* Work task *
With both ends included, repeat exactly the lines of the entries below from the one containing "뉴스다 최광묵 기자 |" down to the one containing "可愛い動物の小さなフラワーベースが届きました。 左から 「ドッグ", and no others.

* Listed records *
┌────────
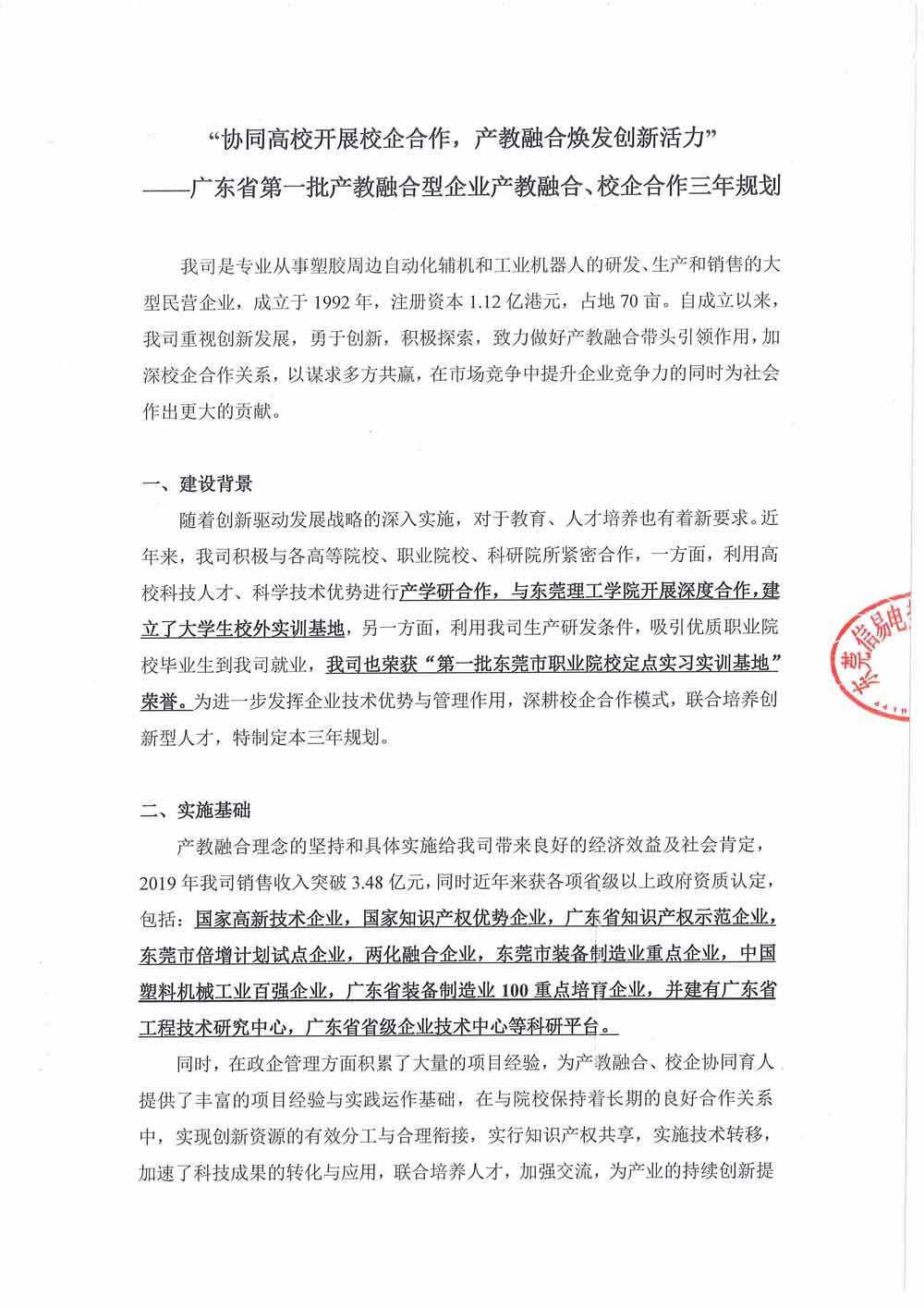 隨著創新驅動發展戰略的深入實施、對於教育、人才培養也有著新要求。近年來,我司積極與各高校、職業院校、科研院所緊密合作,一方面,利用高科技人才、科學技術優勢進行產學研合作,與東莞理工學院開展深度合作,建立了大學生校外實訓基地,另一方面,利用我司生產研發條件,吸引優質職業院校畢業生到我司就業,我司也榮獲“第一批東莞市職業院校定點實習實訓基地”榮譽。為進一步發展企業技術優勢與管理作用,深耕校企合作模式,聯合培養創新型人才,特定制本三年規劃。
└────────
┌────────
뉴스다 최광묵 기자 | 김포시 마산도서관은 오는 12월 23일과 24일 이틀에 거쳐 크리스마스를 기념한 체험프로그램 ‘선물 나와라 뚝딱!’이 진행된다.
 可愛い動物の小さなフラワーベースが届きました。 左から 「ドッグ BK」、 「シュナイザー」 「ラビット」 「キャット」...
└────────
┌────────
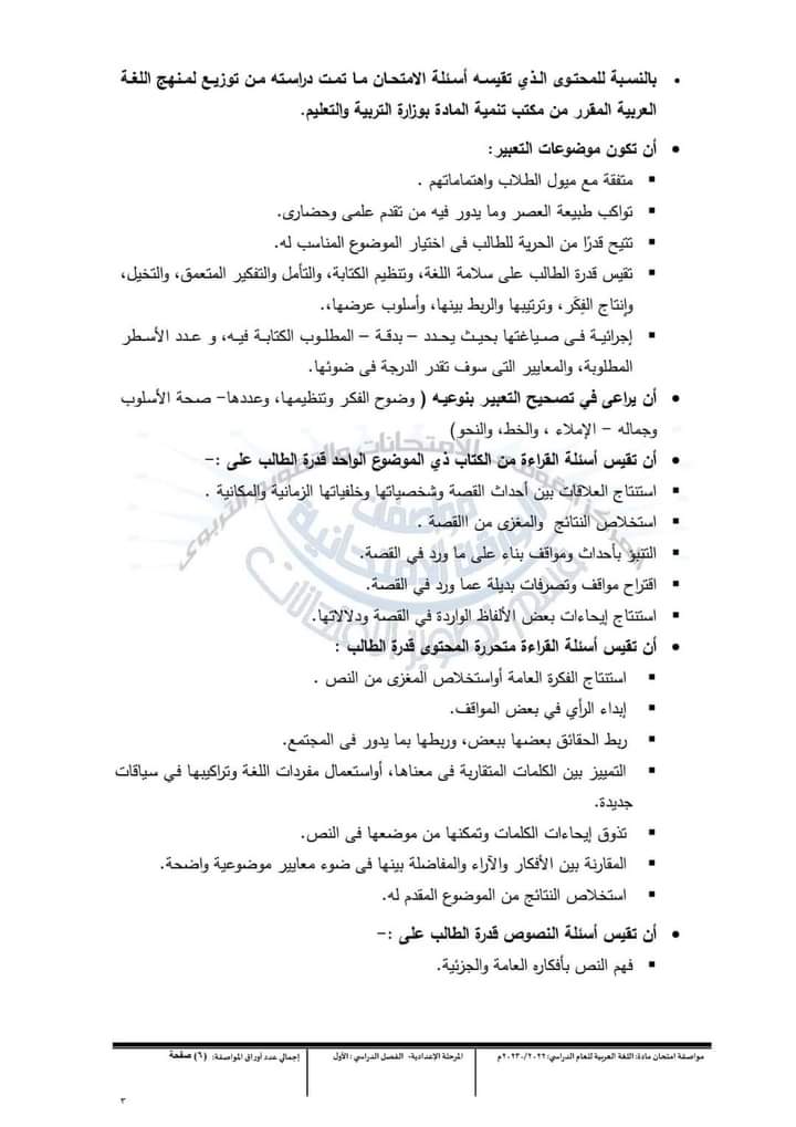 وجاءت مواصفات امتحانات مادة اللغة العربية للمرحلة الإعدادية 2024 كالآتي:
└────────
* Finished task *
뉴스다 최광묵 기자 | 김포시 마산도서관은 오는 12월 23일과 24일 이틀에 거쳐 크리스마스를 기념한 체험프로그램 ‘선물 나와라 뚝딱!’이 진행된다.
 可愛い動物の小さなフラワーベースが届きました。 左から 「ドッグ BK」、 「シュナイザー」 「ラビット」 「キャット」...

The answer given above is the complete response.